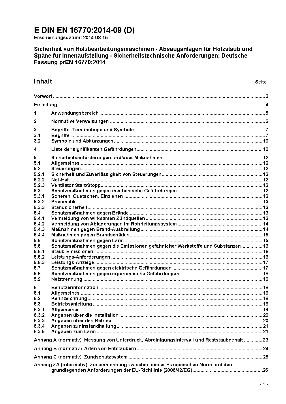 Sicherheit von Holzbearbeitungsmaschinen - Absauganlagen für Holzstaub und Späne für Innenaufstellung - Sicherheitstechnische Anforderungen; Deutsche Fassung prEN 16770:2014
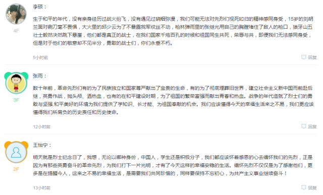 管理学院和环境学院利用易班平台开展“缅怀先烈,传承精神”的网上纪念活动。通过在易班平台上设置纪念专区,党员和入党积极分子结合自己阅读《长征》、收看“纪念红军长征胜利80周年报告会”等学习教育的体会,为革命先烈写下纪念文字,寄托对烈士光辉事迹和伟大精神的缅怀与崇敬。
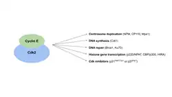 - 1 2 3 4 5 6 Fagundes, Rafaela; Teixeira, Leonardo K. (2021). "Cyclin E/CDK2: DNA Replication, Replication Stress and Genomic Instability". Frontiers in Cell and Developmental Biology. 9. doi:10.3389/fcell.2021.774845. ISSN 2296-634X. PMC 8652076. PMID 34901021.

▶ [Exercise prompt]: Reproduce the entire listing exactly, except for any pictures it contains.

▶ [Completed exercise]:
 Sicherheit von Holzbearbeitungsmaschinen - Absauganlagen für Holzstaub und Späne für Innenaufstellung - Sicherheitstechnische Anforderungen; Deutsche Fassung prEN 16770:2014
 管理学院和环境学院利用易班平台开展“缅怀先烈,传承精神”的网上纪念活动。通过在易班平台上设置纪念专区,党员和入党积极分子结合自己阅读《长征》、收看“纪念红军长征胜利80周年报告会”等学习教育的体会,为革命先烈写下纪念文字,寄托对烈士光辉事迹和伟大精神的缅怀与崇敬。
 - 1 2 3 4 5 6 Fagundes, Rafaela; Teixeira, Leonardo K. (2021). "Cyclin E/CDK2: DNA Replication, Replication Stress and Genomic Instability". Frontiers in Cell and Developmental Biology. 9. doi:10.3389/fcell.2021.774845. ISSN 2296-634X. PMC 8652076. PMID 34901021.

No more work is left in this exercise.